Initially ignoring diffusion of water, the magnetic fields that extend into the extravascular space give rise to a spatially dependent frequency shift that causes the accumulated phase of one spin to differ from that of its neighbor. The result is a loss of phase coherence in that voxel. Several groups have shown through modeling that this mechanism dominates for larger vessels (≥20 μm). It should be noted that this is a static mechanism, can be refocused during a spin echo acquisition, and therefore will not contribute to changes in R 2. This is called the static dephasing regime (SDR) (20).
Diffusion becomes important when the random walk of a spin during the echo time is on the same order as the extent of the extravascular field gradients surrounding the blood vessel, i.e., approximately the radius of the vessel (15). In this situation, spins do not solely experience an increased or decreased field but instead experience a variety of fields throughout the echo time that depends on their particular path. The result is the same, viz., loss of phase coherence and hence a decrease in signal intensity on the NMR images. This mechanism is most important for vessels with radii of 6–8 μm (14). This mechanism is irreversible, will not be refocused during a spin echo acquisition, and therefore will contribute to changes in R 2 and R 2 *.

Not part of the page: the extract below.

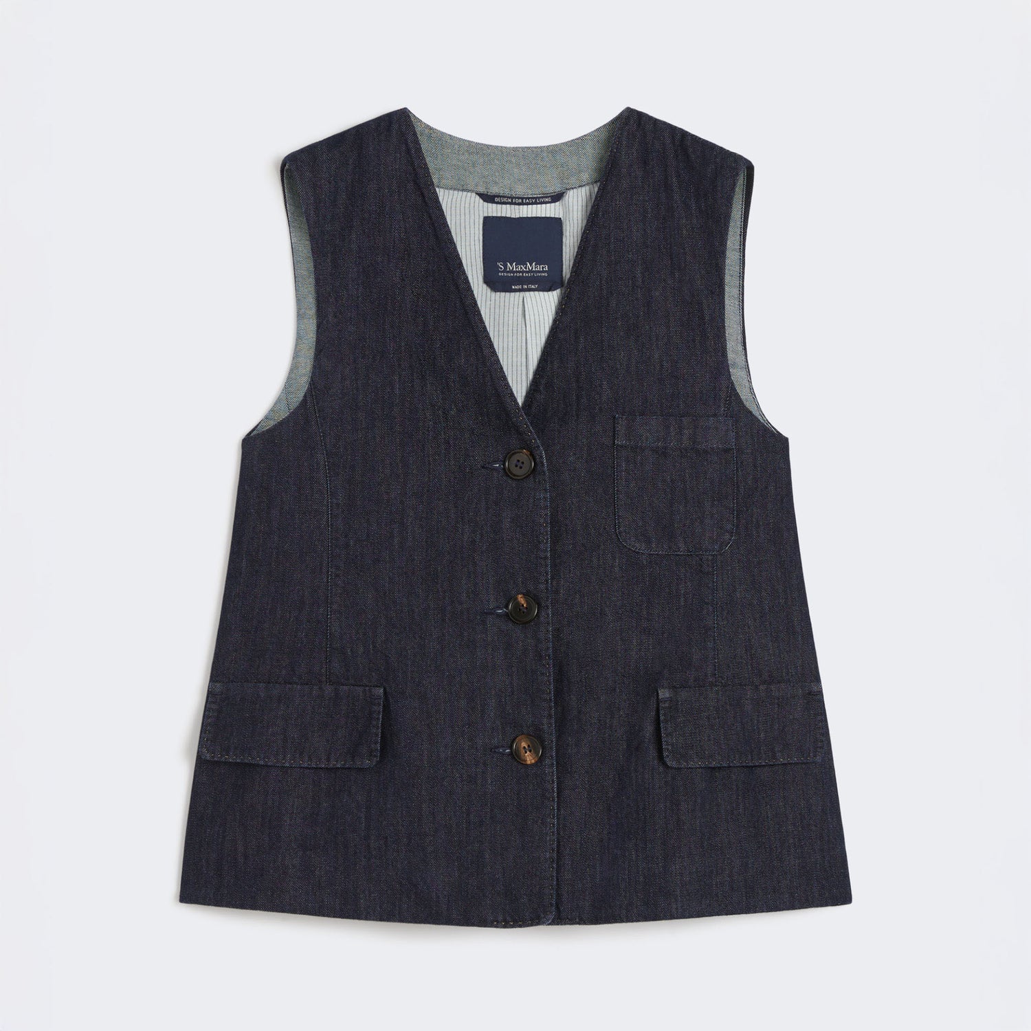 S MAX MARA Cinzia Single-Breasted Denim Gilet in Ultramarine

An additional consideration related to diffusion is when spins interchange position rapidly enough through the field gradients such that each spin, essentially, sees the same spread of frequencies, thereby accumulating approximately the same amount of phase, and maintaining some phase coherence resulting in smaller changes in signal intensity on BOLD images. This is called the motionally narrowed regime (MNR) (20).

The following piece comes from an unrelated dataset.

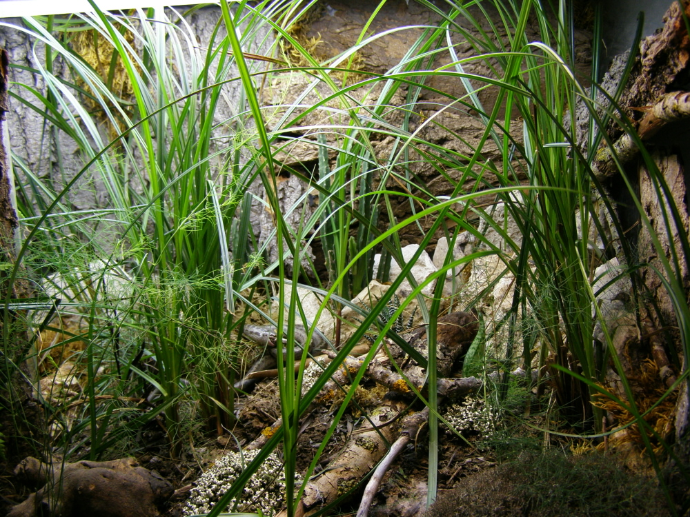 Да водяные ужи вроде не такие уж, чтобы растение срубывать при ползании в террариуме, можно высаживать дерновинные корневищные вечнозеленые злаки, какие часто встречаются возле воды, низкорослую осоку, стапелию, все эти ратсения постепенно разрастаются сами по себе, вот они, а так же папоротник и еще очитки, монетницы всякие растут у меня в террариумах. Вообще террариум где растения у меня не совсем "обычный", такое наверное нет необходимости делать, но если найти дерновинный злак и посадить в песок в который добавить земли- то расти должен! Кстати песок разве не налипает, лучше тогда глинистый или с землей, а то уж рыбу с песком наверное будет постоянно есть.

Both vessel size and pulse sequence considerations are referred to in the above discussion. These effects are qualitatively summarized in Fig. 2, an adaptation from Boxerman, et al. (14) and Weisskoff et al. (19). One can see from Fig. 2 that changes in relaxation for gradient echo acquisitions (ΔR 2 *) reach a plateau for vessel sizes greater than ∼10 μm. Changes in relaxation for spin echo acquisitions (ΔR 2), however, have a maximum at ∼8 μm and decline for vessels smaller than (MNR) or larger than (SDR) this radius. Spin echo acquisitions are a specific reflection of the microvasculature while gradient echo sequences are overall more sensitive (i.e., changes in R 2 * are larger than changes in R 2 across all vessel sizes). As another means to emphasize the fact that BOLD data acquired via a spin echo or gradient echo sequence are weighted by the microvasculature and macrovasculature, respectively, models run varying the blood volume fraction composed of capillaries showed that changes in R 2 * decreased by ∼1/3 as the model became solely composed of capillaries while changes in R 2 were relatively unaffected for models composed of 40% capillaries or more (14). The focus on looking for a sequence and/or parameters that reflect changes in the microvasculature stems from the, not unfounded, hypothesis that microvascular changes are “a better reflection of localized neuronal activation” (14). In addition, gradient echo acquisitions depend more heavily on the experimental conditions and regional field properties, the latter of which can be dependent on shimming, for example. Therefore, although gradient echo acquisitions dominate the majority of BOLD investigations, it might be desirable to implement spin echo acquisitions especially at higher field strengths where some sensitivity can be regained.